Please see __device_add_disk() which takes one extra queue ref, which
won't be dropped until the disk is released.

Meantime blkdev_get() holds gendisk reference via bdev_get_gendisk(),
and blkdev_get() is called by blkdev_open().

The above way should guarantee that the request queue won't go away
when IO is submitted to queue via blkdev fs inode.

> Anyway, I will convert this code change into a
> comment that explains that blk_poll() callers must hold a request queue
> reference.

Good point.


Thanks,
Ming

Patch
diff mbox series

diff --git a/block/blk-mq.c b/block/blk-mq.c
index 7528678ef41f..ea64d951f411 100644
--- a/block/blk-mq.c
+++ b/block/blk-mq.c
@@ -3439,19 +3439,7 @@  static bool blk_mq_poll_hybrid(struct request_queue *q,
 	return blk_mq_poll_hybrid_sleep(q, hctx, rq);
 }
 
-/**
- * blk_poll - poll for IO completions
- * @q:  the queue
- * @cookie: cookie passed back at IO submission time
- * @spin: whether to spin for completions
- *
- * Description:
- *    Poll for completions on the passed in queue.
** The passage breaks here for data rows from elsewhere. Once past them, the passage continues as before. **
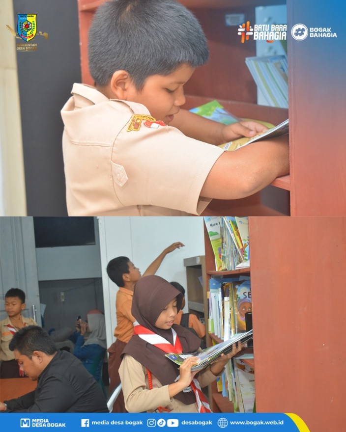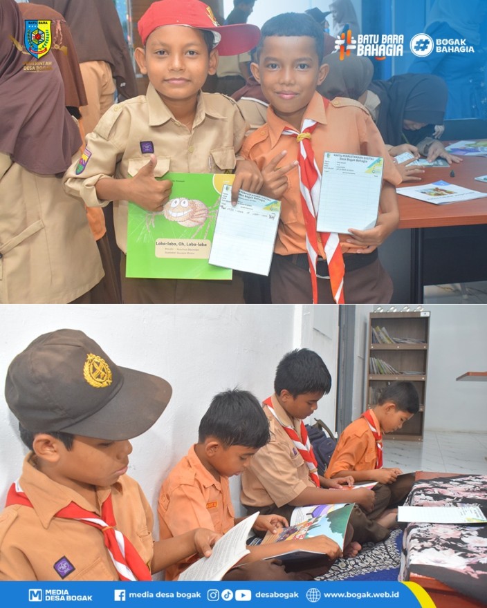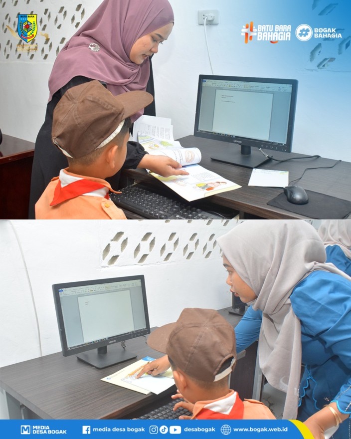 Hi Bogakers! Jum'at 24 Oktober 2025 Pemerintah Desa Bogak, Kecamatan Tanjung Tiram, terus mendorong semangat belajar anak-anak melalui Program Perpustakaan Digital Desa Bogak. Kepala Desa Bogak, Fazzary Akbar, S.E., menyampaikan bahwa kegiatan ini merupakan langkah nyata dalam menumbuhkan kecintaan membaca sejak dini. “Literasi adalah kunci kemajuan bangsa,” ujarnya. Program ini juga menjadi upaya menciptakan suasana belajar yang menyenangkan dan interaktif bagi anak-anak di Desa Bogak.
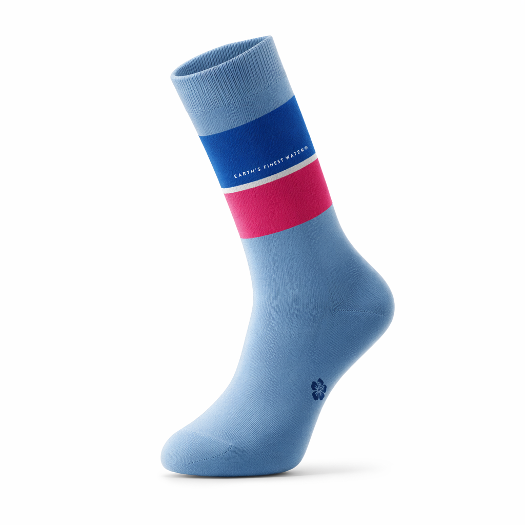 Photorealistic lifestyle-ready product shot of a FIJI “sunset ritual” sock, using silhouette 10_808-racing-stripes-federal-blue-bone.jpg. On a pure white seamless background, the sock body is a silky light blue (PMS 7457 C) cotton-modal blend with a very smooth, almost satin-like finish for an affordable-luxury feel. Around the mid-calf, create two wide horizontal bands: the upper band in FIJI blue (PMS 293 #003DA5), the lower in hibiscus magenta (#E10098), separated by a thin white line, evoking horizon and sun at dusk. Between the bands, in very small white capital letters, knit “Earth’s Finest Water®” only on the outer leg, forming a hidden narrative detail. On the side of the foot arch, add a tiny navy hibiscus emblem. Lighting: bright, balanced studio light from above with slight front fill, giving a gentle sheen to the fibers and soft, short shadows that feel airy. Camera: 45-degree angle side view of a single sock gently bent at the ankle, floating slightly above a faint shadow, to feel effortless and fashion-y but still simple. Overall mood: escapist and calm — a sock that turns slipping off your shoes into a small daily ritual.
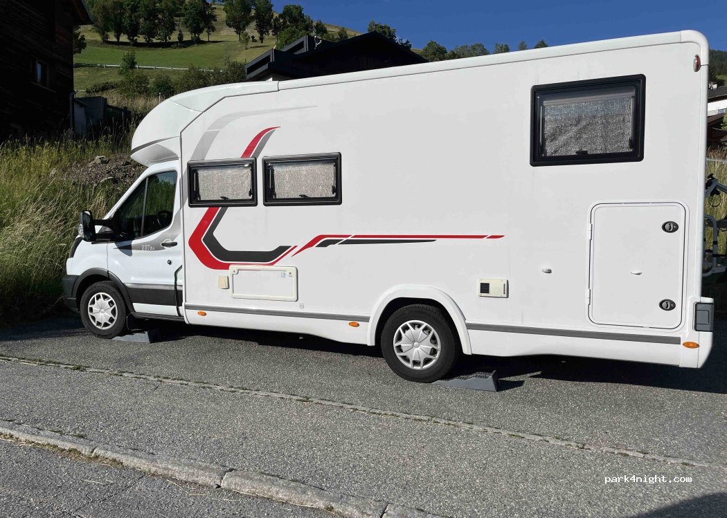 Kostenloser Parkplatz am oberen Ende des Dorfes. Die Zufahrt ist etwas bergauf, aber nichts, was ein 7 m langes Wohnmobil nicht bewältigen könnte. Ohne Gebote und Verbote. Es liegt etwas abschüssig, aber es gibt dort einen Despar-Supermarkt, Restaurants und eine wunderschöne Aussicht über das gesamte Tal. Wir haben die Nacht ohne Probleme verbracht.
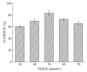 在S-nZVI/PS体系内,PS浓度对于土壤中TCE的降解效果具有显著影响。如图 6所示,在S-nZVI投加量为10 mg/g时,PS浓度从30 mmol/L升至70 mmol/L时,TCE的降解率先增高再降低。当PS浓度为50 mmol/L时,TCE的降解率达到最大值,可达85% 以上。在PS浓度为30~50 mmol/L,随着PS浓度的增高,体系内会增加更多的SO42–,与S-nZVI反应生成更多的SO4•–,促进TCE的降解。且有研究表明,体系内SO4•–浓度的提高会克服其他有机材料与无机离子的竞争,激发更多的SO4•–与PS反应,提高降解效率[20]。而当PS浓度大于50 mmol/L时,过量的PS导致Fe3+和SO42–的产生,反而会降低SO4•–的生成[15],从而降低了S-nZVI/PS体系的降解能力,造成了TCE降解效率的降低。因此,在后续批试验中选择PS浓度为50 mmol/L。
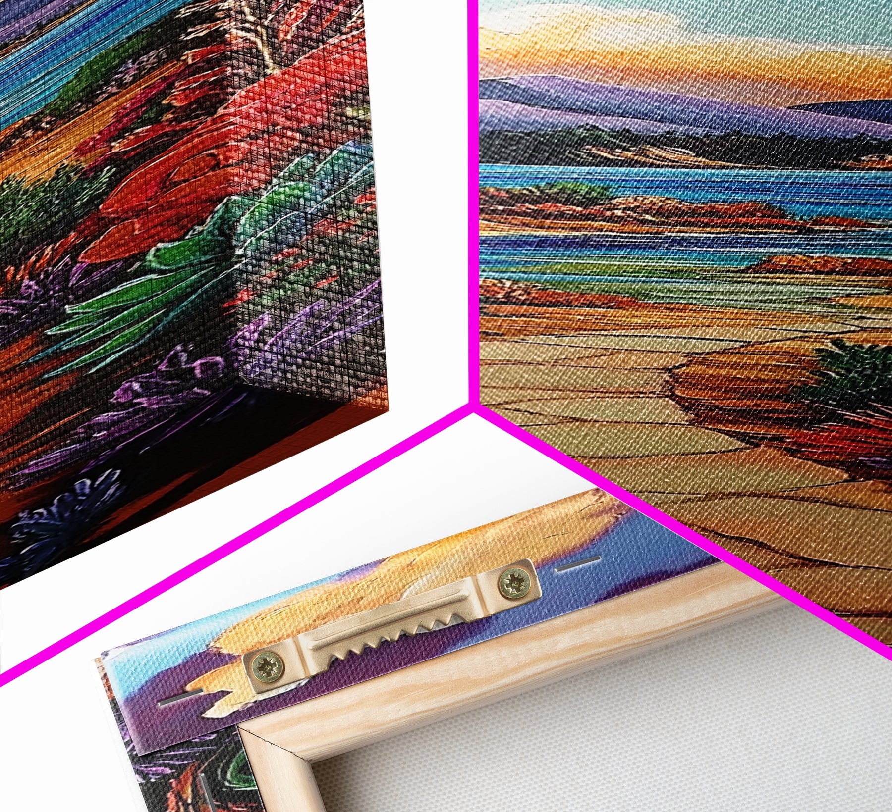 *Optional frames add a total of 1.5 inches to each dimension, for example a 10x20 canvas with a frame will be 11.5 by 21.5 inches total. All framed canvas are 1.5" total depth.

Returns number of
- *    completed entries found. If @spin is true, then blk_poll will continue
- *    looping until at least one completion is found, unless the task is
- *    otherwise marked running (or we need to reschedule).
- */
-int blk_poll(struct request_queue *q, blk_qc_t cookie, bool spin)
+static int __blk_poll(struct request_queue *q, blk_qc_t cookie, bool spin)
 {
 	struct blk_mq_hw_ctx *hctx;
 	long state;
@@ -3503,6 +3491,30 @@  int blk_poll(struct request_queue *q, blk_qc_t cookie, bool spin)
 	__set_current_state(TASK_RUNNING);
 	return 0;
 }
+
+/**
+ * blk_poll - poll for IO completions
+ * @q:  the queue
+ * @cookie: cookie passed back at IO submission time
+ * @spin: whether to spin for completions
+ *
+ * Description:
+ *    Poll for completions on the passed in queue. Returns number of
+ *    completed entries found. If @spin is true, then blk_poll will continue
+ *    looping until at least one completion is found, unless the task is
+ *    otherwise marked running (or we need to reschedule).
+ */
+int blk_poll(struct request_queue *q, blk_qc_t cookie, bool spin)
+{
+	int ret;
+
+	if (!percpu_ref_tryget(&q->q_usage_counter))
+		return 0;
+	ret = __blk_poll(q, cookie, spin);
+	blk_queue_exit(q);
+
+	return ret;
+}
 EXPORT_SYMBOL_GPL(blk_poll);
 
 unsigned int blk_mq_rq_cpu(struct request *rq)